BRIEF >> Using the entries that follow, transcribe only the lines from the line with "skinnende, belagt overflade" to the line with "Contents: 5 no.", both included, exactly as they stand and without pictures.

STORED DATA >>

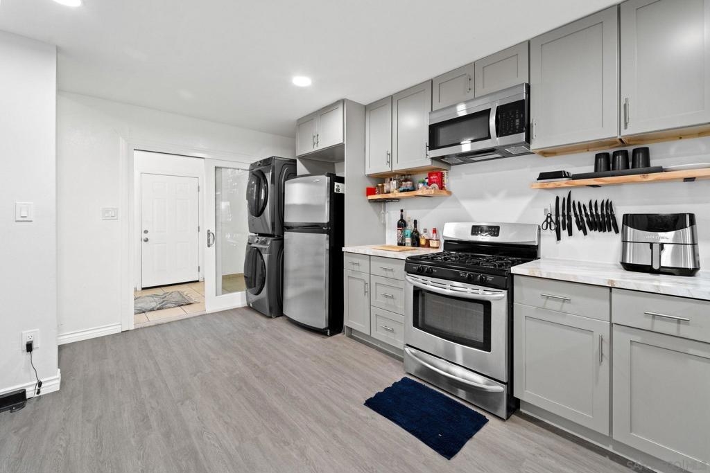 Welcome to your beautifully renovated oasis in the heart of Chula Vista! Nestled in a prime location, this 2 bedroom, 2 bathroom condo offers a perfect blend of comfort, convenience, and style. As you step inside, you're greeted by an inviting ambiance and modern finishes throughout. The open-concept living area seamlessly connects the living room, dining area, and kitchen, creating an ideal space for both relaxation and entertaining. Natural light floods the room, accentuating the sleek laminate flooring and freshly painted walls. The kitchen is a chef's delight, featuring newer appliances and ample cabinet space for all your culinary needs. The master bedroom is a serene retreat, boasting a generous closet, and an ensuite bathroom complete with a luxurious shower and contemporary fixtures. The second bedroom is equally charming, offering comfort and privacy for guests or family members. Both bathrooms have been tastefully updated with modern vanities, and stylish tile work creating spa-like sanctuaries where you can unwind after a long day. Convenience is key with in-unit laundry facilities, providing the ultimate ease and comfort in your daily routine. This condo also boasts low HOA fees, ensuring affordable living without sacrificing quality amenities. Located in central Chula Vista, you'll enjoy easy access to shopping, dining, parks, and entertainment options. Plus, with quick freeway access, commuting to San Diego or exploring the greater Southern California area is a breeze. Don't miss your chance to own this turnkey gem in one of Chula Vista's most desirable areas!
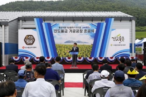 ▲ 전남 진도군이 28일 울금식품가공클러스터사업 HACCP 울금가공공장 준공식을 진행하고 있다. <사진제공=진도군청> |
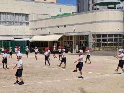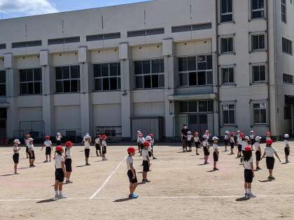いよいよあと2週間となった運動会。1年生は初めてのダンスです。2年生と一緒に、練習を重ねています。初めての運動場で場所の確認をしながら練習しました。
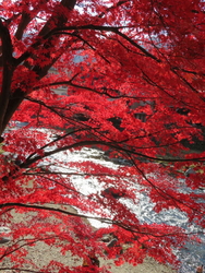 紅葉は終盤でしたが、山紅葉の赤がとてもきれいでした。夜のライトアップもいいですが、私はやっぱり青空の下の紅葉が好きですね。 (訪問:2025/11/16)
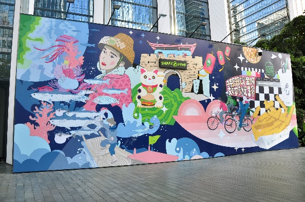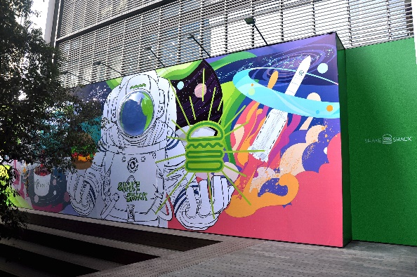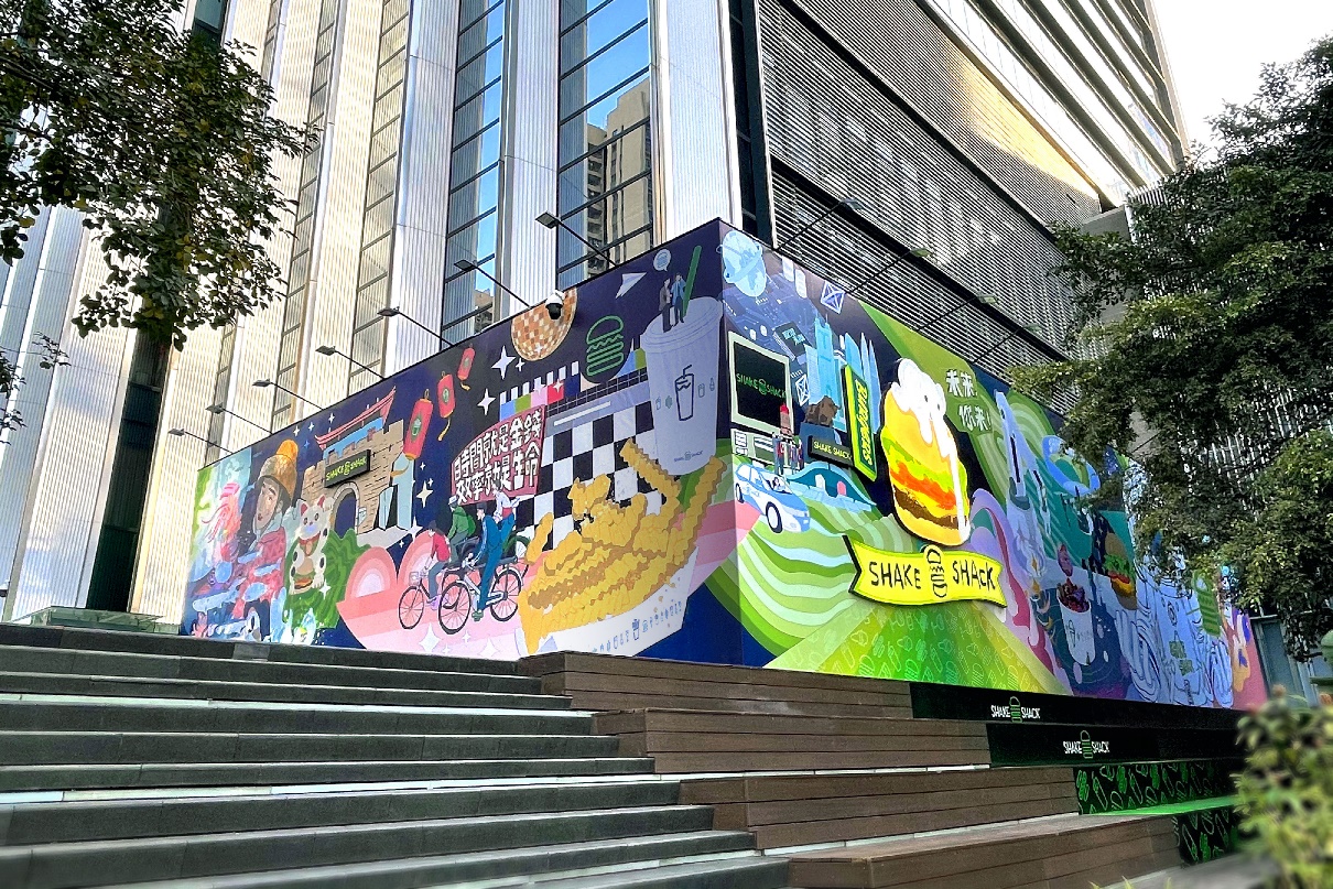 Shake Shack一直熱衷于將品牌文化、潮流趨勢與當?shù)厣罘绞较嗳诤希瑸槠放茙砣蚂`感。作為深圳首店正式開業(yè)前的預告,Shake Shack攜手深圳先鋒藝術(shù)家李昱昱 ? (Y oyo L ee )在深圳萬象天地特別推出了別具匠心且富有致敬意義的巨幅創(chuàng)意圍擋。
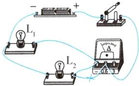 猜想②:电流从电源的正极流出后先通过灯泡 $ L_{1} $,再通过灯泡 $ L_{2} $,通过灯泡 $ L_{1} $ 的电流比通过灯泡 $ L_{2} $ 的电流大,所以灯泡 $ L_{1} $ 更亮。
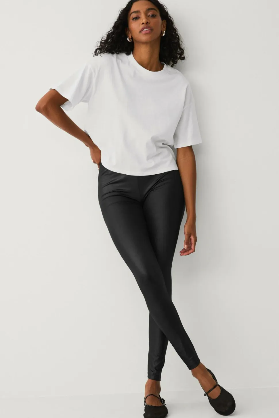 • Leggings med skinnende, belagt overflade
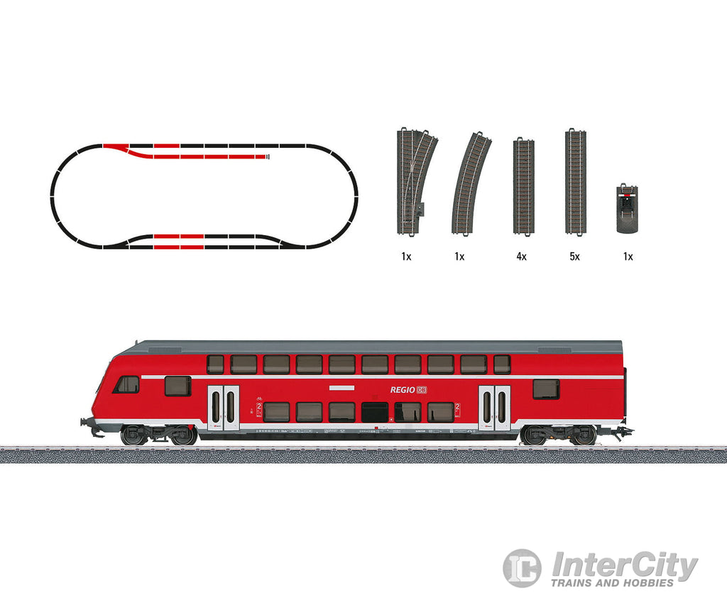 Contents: 5 no. 24188 straight track, 4 no. 24172 straight track, 1 no. 24224 curved track, 1 no. 24612 right turnout, and 1 no. 24977 track bumper.
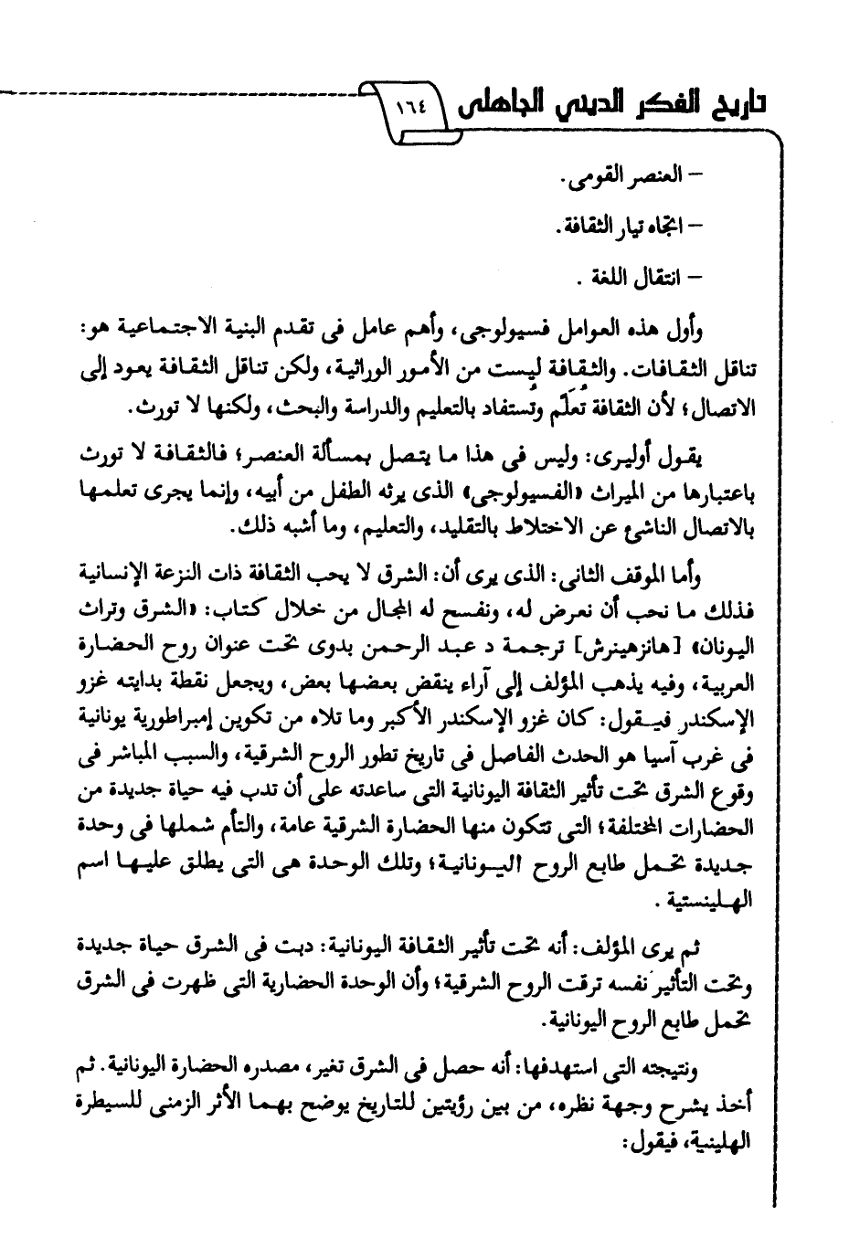 ثم يرى المؤلف: أنه تحت تأثير الثقافة اليونانية دبت في الشرق حياة جديدة، وتحت التأثير نفسه ترقت الروح الشرقية؛ وأن الوحدة الحضارية التي ظهرت في الشرق تحمل طابع الروح اليونانية.
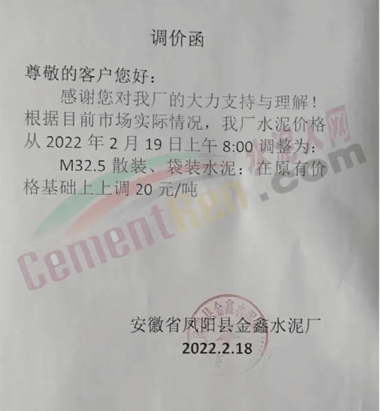 金鑫水泥廠漲價通知
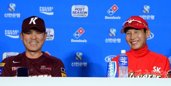 13일 인천 SK행복드림구장에서 ‘2019 신한은행 MY CAR KBO리그’ SK 와이번스와 키움 히어로즈의 플레이오프 미디어데이가 열렸다. 키움 장정석 감독과 SK 염경엽 감독이 인터뷰 도중 미소를 짓고 있다.

ANSWER SECTION >>
 • Leggings med skinnende, belagt overflade
 Contents: 5 no. 24188 straight track, 4 no. 24172 straight track, 1 no. 24224 curved track, 1 no. 24612 right turnout, and 1 no. 24977 track bumper.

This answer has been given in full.